With the pictures removed, the data below must be transcribed in full and exactly.

THE DATA:
* * * * * * * * *
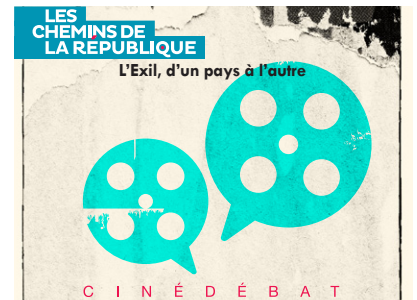
L'Exil, d'un pays à l'autre
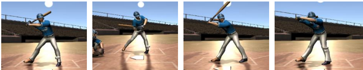
図 2. 作成した打者の動作

StrikeCall では効果的なトレーニングを実現するために、実世界で球審のジャッジに影響を与える要素である「打者の動作」をリアルに再現している。モーションキャプチャを用いて11種類の打者のモーションを取得し、それぞれに対して手作業による細かい修正を加えることでリアルなモーションを再現した(図2)。
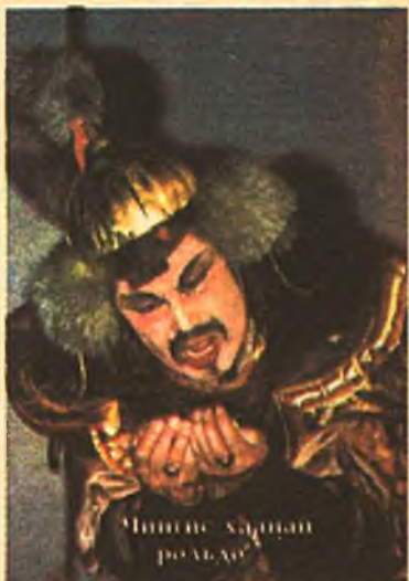
Чингис хаан рольдо
* * * * * * * * *
THE ANSWER:
L'Exil, d'un pays à l'autre
図 2. 作成した打者の動作

StrikeCall では効果的なトレーニングを実現するために、実世界で球審のジャッジに影響を与える要素である「打者の動作」をリアルに再現している。モーションキャプチャを用いて11種類の打者のモーションを取得し、それぞれに対して手作業による細かい修正を加えることでリアルなモーションを再現した(図2)。
Чингис хаан рольдо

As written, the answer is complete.